Problem statement
Below are records to give again exactly; omit each image they contain.

***** Task inputs

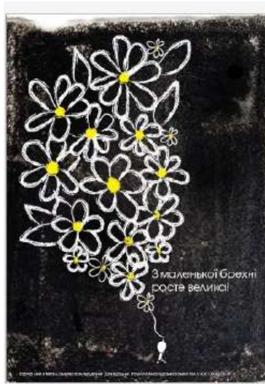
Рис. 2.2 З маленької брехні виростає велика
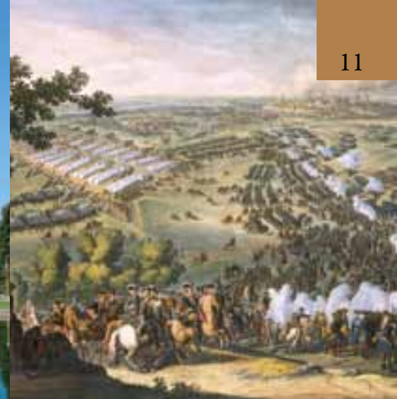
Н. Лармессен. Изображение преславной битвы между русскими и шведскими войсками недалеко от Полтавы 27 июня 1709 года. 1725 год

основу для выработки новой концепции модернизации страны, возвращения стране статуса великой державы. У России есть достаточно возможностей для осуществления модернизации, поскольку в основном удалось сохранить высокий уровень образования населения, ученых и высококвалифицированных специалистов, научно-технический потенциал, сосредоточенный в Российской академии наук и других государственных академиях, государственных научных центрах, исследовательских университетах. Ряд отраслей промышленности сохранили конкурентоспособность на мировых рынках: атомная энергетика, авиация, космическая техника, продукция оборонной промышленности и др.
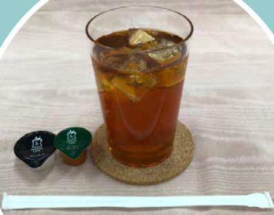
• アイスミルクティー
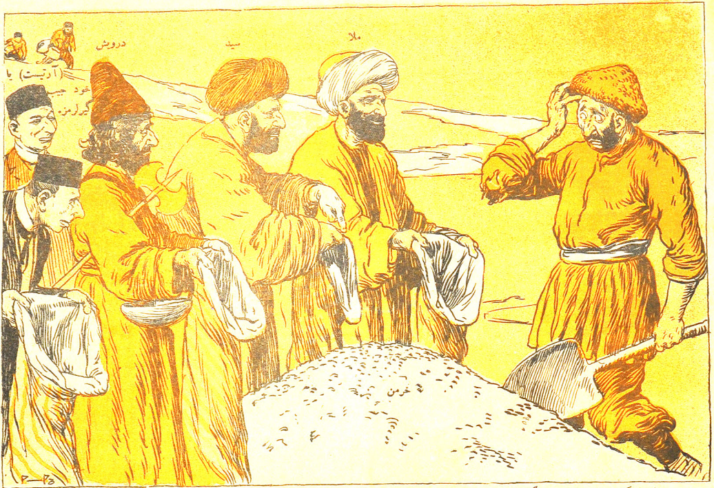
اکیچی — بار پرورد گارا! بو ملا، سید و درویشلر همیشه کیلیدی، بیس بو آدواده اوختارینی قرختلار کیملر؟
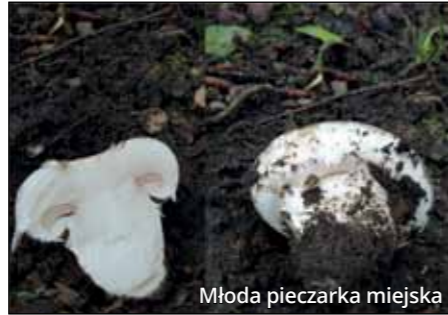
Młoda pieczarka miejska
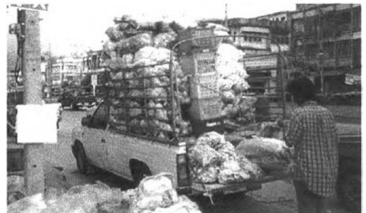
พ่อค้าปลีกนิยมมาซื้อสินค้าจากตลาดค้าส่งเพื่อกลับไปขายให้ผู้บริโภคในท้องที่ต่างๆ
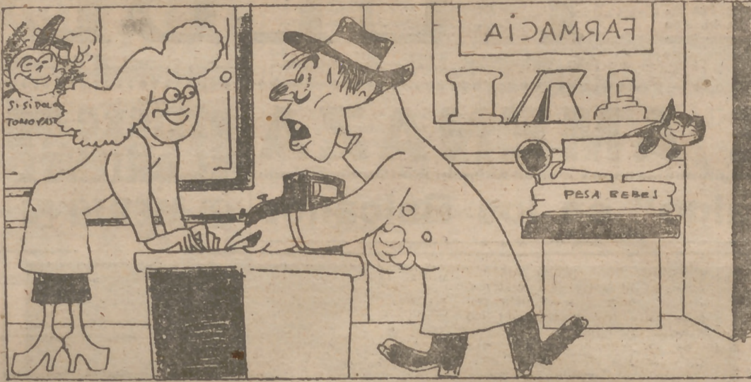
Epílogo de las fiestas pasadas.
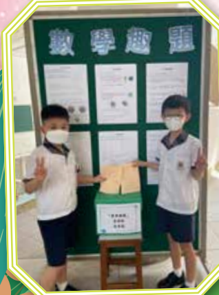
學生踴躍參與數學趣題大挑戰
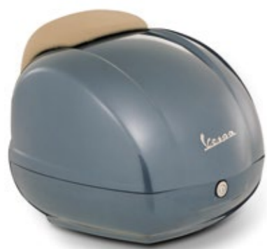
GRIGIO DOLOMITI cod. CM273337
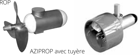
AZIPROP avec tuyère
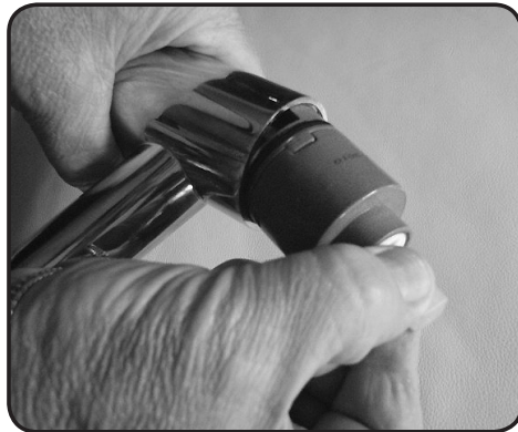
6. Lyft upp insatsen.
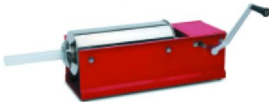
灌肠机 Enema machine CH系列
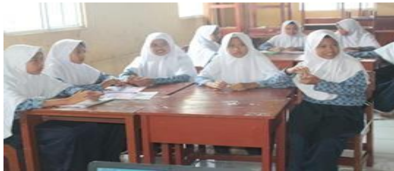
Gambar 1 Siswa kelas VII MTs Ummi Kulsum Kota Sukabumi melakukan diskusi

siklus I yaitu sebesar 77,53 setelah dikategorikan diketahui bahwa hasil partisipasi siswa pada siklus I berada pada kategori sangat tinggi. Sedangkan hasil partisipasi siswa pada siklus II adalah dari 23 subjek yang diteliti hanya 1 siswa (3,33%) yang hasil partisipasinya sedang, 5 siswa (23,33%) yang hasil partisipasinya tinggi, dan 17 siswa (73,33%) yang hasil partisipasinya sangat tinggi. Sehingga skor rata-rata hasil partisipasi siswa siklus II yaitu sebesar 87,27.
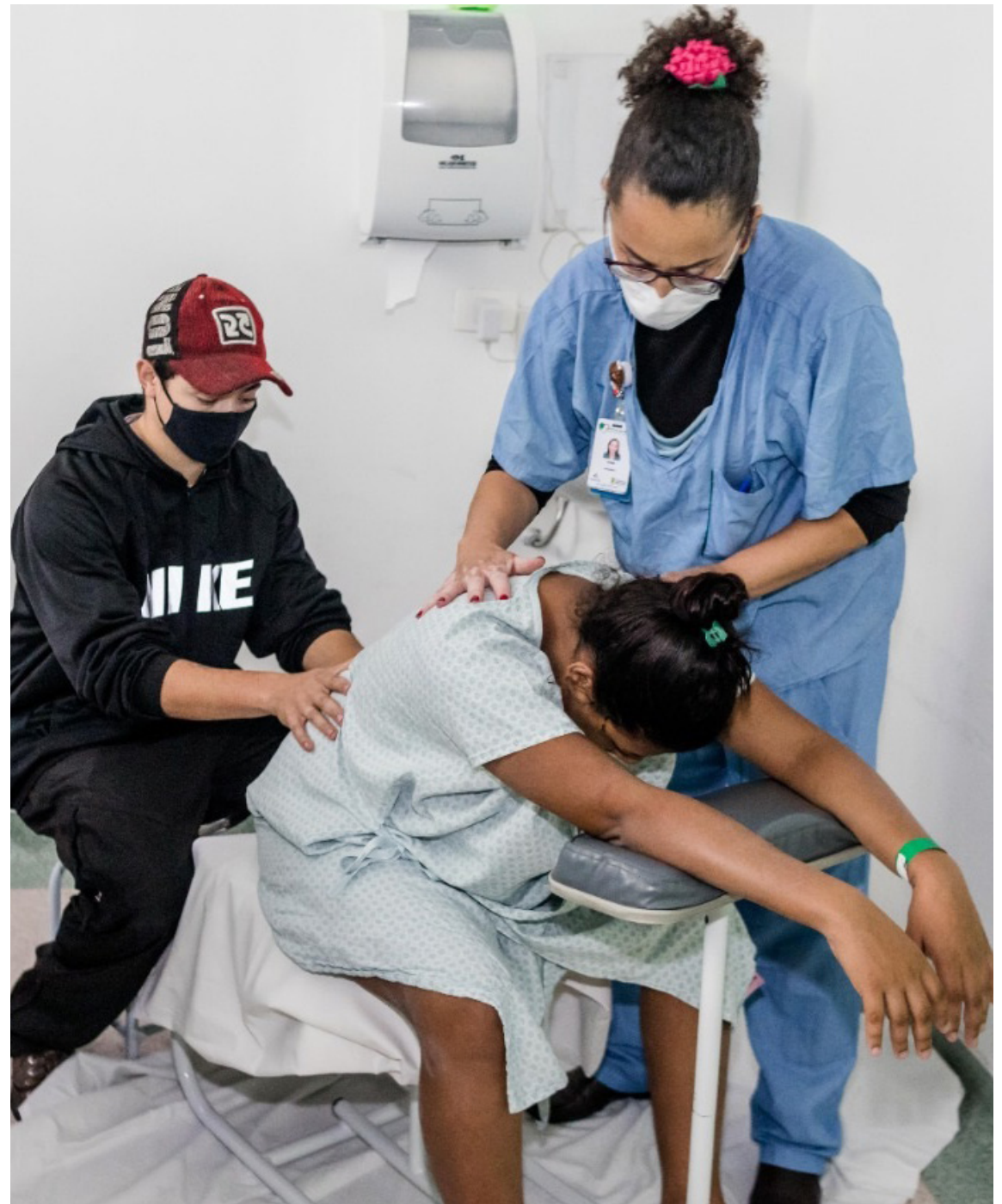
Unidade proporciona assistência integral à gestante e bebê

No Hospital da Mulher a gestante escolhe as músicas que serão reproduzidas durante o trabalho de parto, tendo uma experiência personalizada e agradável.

**********

Your solution
Рис. 2.2 З маленької брехні виростає велика
Н. Лармессен. Изображение преславной битвы между русскими и шведскими войсками недалеко от Полтавы 27 июня 1709 года. 1725 год

основу для выработки новой концепции модернизации страны, возвращения стране статуса великой державы. У России есть достаточно возможностей для осуществления модернизации, поскольку в основном удалось сохранить высокий уровень образования населения, ученых и высококвалифицированных специалистов, научно-технический потенциал, сосредоточенный в Российской академии наук и других государственных академиях, государственных научных центрах, исследовательских университетах. Ряд отраслей промышленности сохранили конкурентоспособность на мировых рынках: атомная энергетика, авиация, космическая техника, продукция оборонной промышленности и др.
• アイスミルクティー
اکیچی — بار پرورد گارا! بو ملا، سید و درویشلر همیشه کیلیدی، بیس بو آدواده اوختارینی قرختلار کیملر؟
Młoda pieczarka miejska
พ่อค้าปลีกนิยมมาซื้อสินค้าจากตลาดค้าส่งเพื่อกลับไปขายให้ผู้บริโภคในท้องที่ต่างๆ
Epílogo de las fiestas pasadas.
學生踴躍參與數學趣題大挑戰
GRIGIO DOLOMITI cod. CM273337
AZIPROP avec tuyère
6. Lyft upp insatsen.
灌肠机 Enema machine CH系列
Gambar 1 Siswa kelas VII MTs Ummi Kulsum Kota Sukabumi melakukan diskusi

siklus I yaitu sebesar 77,53 setelah dikategorikan diketahui bahwa hasil partisipasi siswa pada siklus I berada pada kategori sangat tinggi. Sedangkan hasil partisipasi siswa pada siklus II adalah dari 23 subjek yang diteliti hanya 1 siswa (3,33%) yang hasil partisipasinya sedang, 5 siswa (23,33%) yang hasil partisipasinya tinggi, dan 17 siswa (73,33%) yang hasil partisipasinya sangat tinggi. Sehingga skor rata-rata hasil partisipasi siswa siklus II yaitu sebesar 87,27.
Unidade proporciona assistência integral à gestante e bebê

No Hospital da Mulher a gestante escolhe as músicas que serão reproduzidas durante o trabalho de parto, tendo uma experiência personalizada e agradável.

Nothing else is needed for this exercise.